The cerebellum, he added, is one of the first parts of the brain to be affected, albeit temporarily, by too much alcohol intake. This partly explains why drunkards walk the way they do—umeekis at pasuray-suray.
In a way, my Dad is lucky. The stroke could have left him totally paralyzed and unable to speak. Except for his inability to stand up and walk, his memory and manner of speech have remained intact. Unlike most stroke patients, his face also doesn’t look lopsided.
And despite the frustration that comes with his inability to do routine tasks, he appears surprisingly upbeat and positive. As far as I know, he doesn’t wallow in self-pity.
Tess, our hardworking and faithful maid, now has a companion to help her with round-the-clock chores. She and Annabelle now work in 12-hour shifts to attend to my Dad and do housework on the side.
Apart from the dozen or so anti-stroke medications he has to take (Citicoline, Clonigen, Rosuvastatin, etc.), my Dad has to be driven to the rehab clinic thrice a week for therapy.

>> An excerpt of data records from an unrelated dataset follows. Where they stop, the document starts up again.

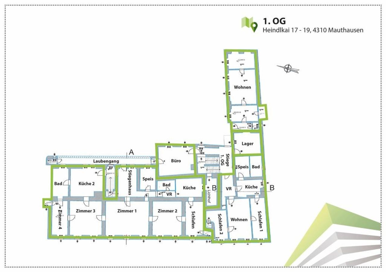 Im Herzen von Mauthausen stehen die beiden Stadthäuser Heindlkai 17 und 19 zum Verkauf! Die Gesamtliegenschaft teilt sich wie folgt auf: Heindlkai 17 (Denkmalschutz) Im Erdgeschoss sind aktuell 2 Einheiten vermietet (Kaffeehaus und Kosmetikstudio). Im 1. OG befinden sich ein kleines Büro und eine große Altbauwohnung (beide Einheiten bestandsfrei). Heindlkai 19 (Denkmalschutz) Im Erdgeschoss befinden sich diverse Lagerflächen bzw. Kellerräume. Im 1. OG und 2. OG befinden sich jeweils 2 Wohnungen. Im Innenhof befindet sich ein Innenhofgebäude (kein Denkmalschutz) mit Garage bzw. Nebenräumen (Leerstand). Zusätzlich verfügt die Liegenschaft über einen großen Garten mit Pool. Dieser Bereich könnte für eine zukünftige...
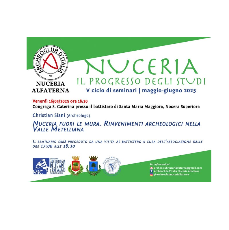 Il 16 maggio presso la Congrega di Santa Caterina si è svolto un interessante seminario di studi promosso dal Archeoclub d'Italia Nuceria Alfaterna. Il convegno è stato preceduto da una visita guidata al Battistero a cura dei soci del Archeoclub.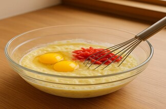 - When ready, remove the batter from the fridge, add beaten eggs, and beni shoga/kizami beni shoga. Whisk until it softens and becomes fluffy.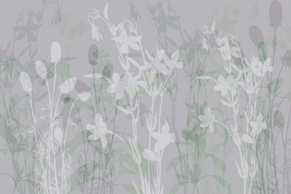 Un refinado juego de sombras florales transparentes en delicados tonos azules sobre un suave fondo gris verdoso. Las elegantes siluetas de flores silvestres crean una composición aireada y relajante que armoniza perfectamente con los entornos naturales.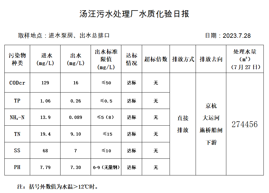 汤汪污水处理厂水质化验日报(2023.7.28)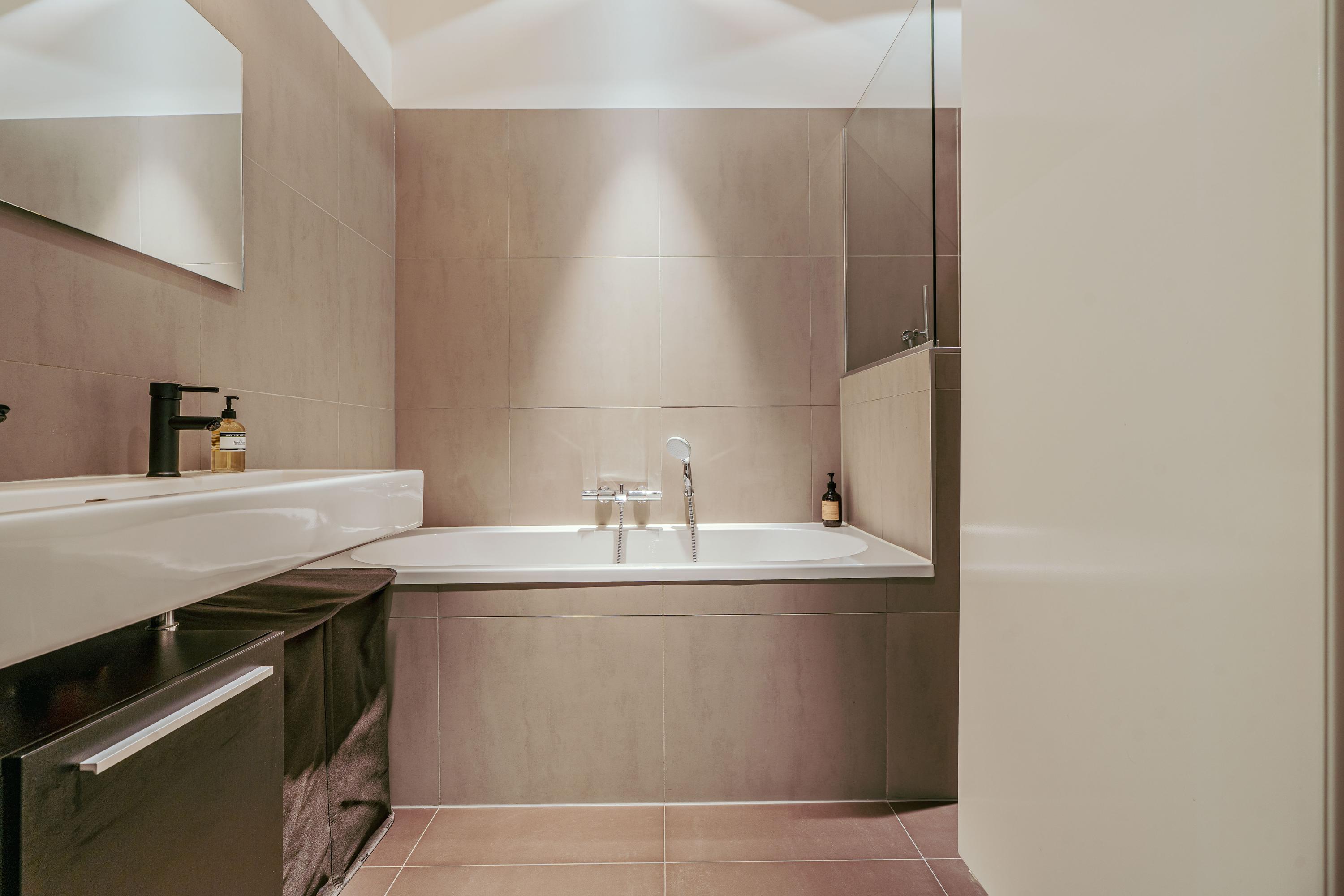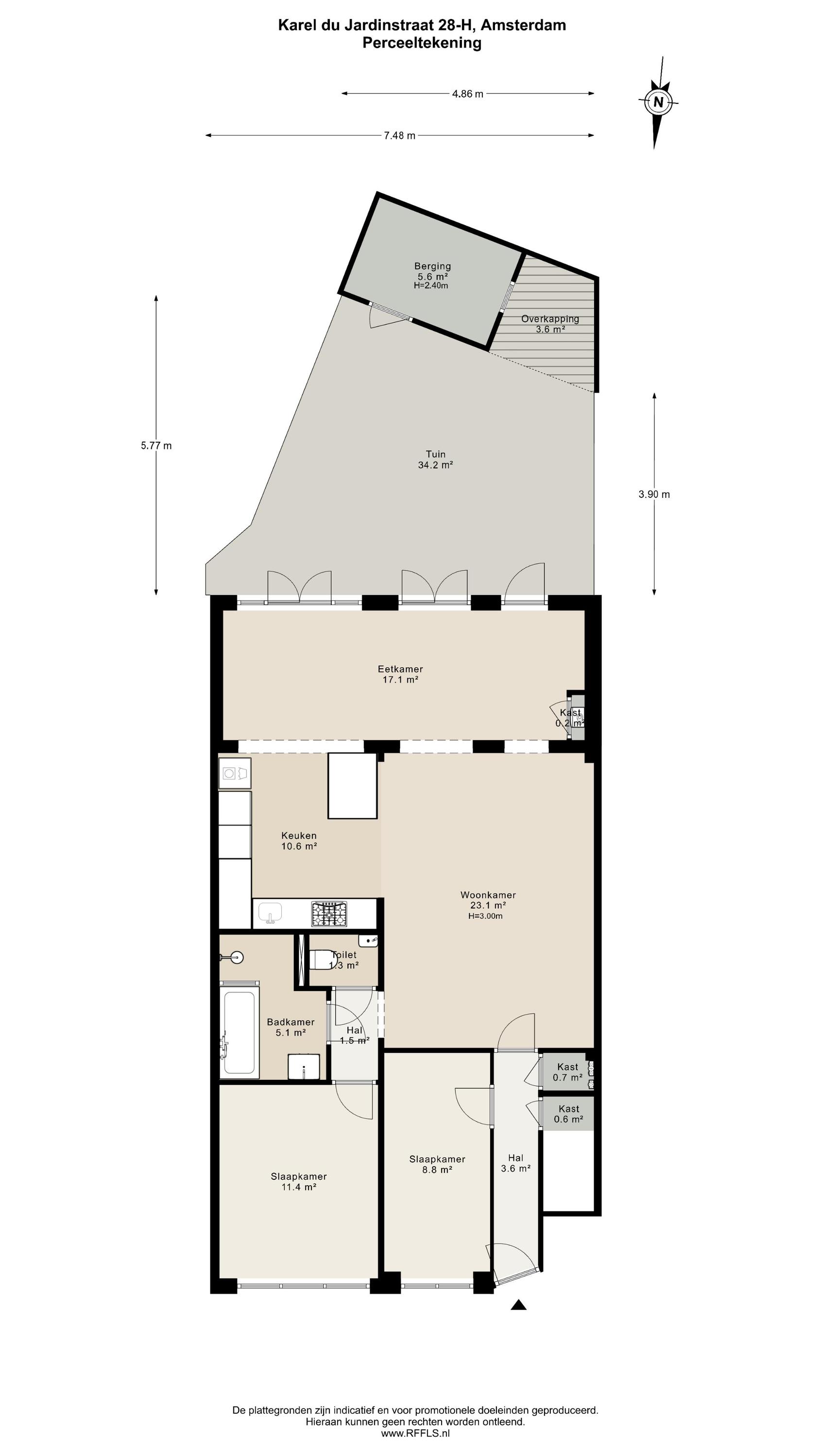 Via de hal bereikt u de ruime en lichte woonkamer, evenals de eerste goed bemeten slaapkamer aan de voorzijde van de woning. In de hal bevinden zich bovendien praktische inbouwkasten voor extra bergruimte. De woonkamer strekt zich uit tot aan de achterzijde van het appartement en profiteert van een prachtige lichtinval, mede dankzij de 2,5 meter diepe uitbouw, de grote raampartijen en de openslaande deuren naar de tuin. Indien gewenst kan hier eenvoudig een derde slaapkamer worden gerealiseerd. De zonnige achtertuin van circa 38 m² is gelegen op het zuiden en biedt uitzonderlijk veel privacy. Bovendien beschikt de tuin over een handige schuur met overkapping, ideaal voor extra opslag of fietsen. De moderne open keuken vormt het hart van de woning en is uitgerust met een 5-pits gasfornuis met afzuigkap, combi-oven, vaatwasser, koel-vriescombinatie, een extra vriezer, een Quooker en tot slot plintverwarming. Tevens beschikt de keuken over een karakteristiek eiland waaraan je gezellig hoog zit. Ook de wasmachine en droger zijn fraai weggewerkt achter een kast. De tweede royale slaapkamer bevindt zich eveneens aan de voorzijde en biedt voldoende ruimte voor een king-size bed en een ruime kastenwand. Centraal in het appartement treft u de stijlvolle badkamer, voorzien van een ligbad, dubbele wastafel met meubel en een inloopdouche. Aangrenzend bevindt zich nog een separaat toilet met fonteintje.

After just two sessions he seemed to be making good progress, said the physical therapist. Through a series of exercises, one of the PT’s primary objectives is to remind my Dad’s brain that he still has two feet and a left arm he could utilize.
Back on his feet
He can now sit upright and lie down without any assistance. He still needs to be wheeled to the CR to answer nature’s call. But in due time, we hope to see him back on his feet and walking short distances.
And where did I get the strength and the wherewithal to deal with all this? To tell you the truth, I have no idea. Modesty aside, I ended up surprising even myself at my ability to rise to the occasion. Everything that happened to me during the past month was so unprecedented.
I must admit that there were times when I thought of throwing in the towel. But who am I fooling? Would I be able to live with myself for the rest of my life if I abandon my mission?
The moral and financial support from my siblings and their families abroad certainly helped, but major tasks and decisions on the ground were mine alone to make.
I’d like to thank friends near and far, real and virtual, related or not for their prayers and words of encouragement. A few even extended financial assistance through pay-when-able loans.
S, a Facebook friend who was my classmate back in college, even sent money to my Dad. The strange thing was S and I were never even close in school, and only had the chance to reconnect fairly recently through social media.
He now works as a doctor somewhere in the world (yes, I’m in the wrong profession). I said yes for two reasons: my Dad could use the money, and since S doesn’t work here or is in need of my help to boost his career, I believe that there are no strings attached to his offer.
For his part, he told me “his heart bleeds for the sick and the elderly. Give your Dad a hug and a kiss for me. I hope he gets well soon.” I will.
What was it that a former tax collector-turned-writer named Matthew once wrote: “Ask and it will be given to you; seek and you will find; knock and the door will be opened to you.” God bless you, S. God bless us all!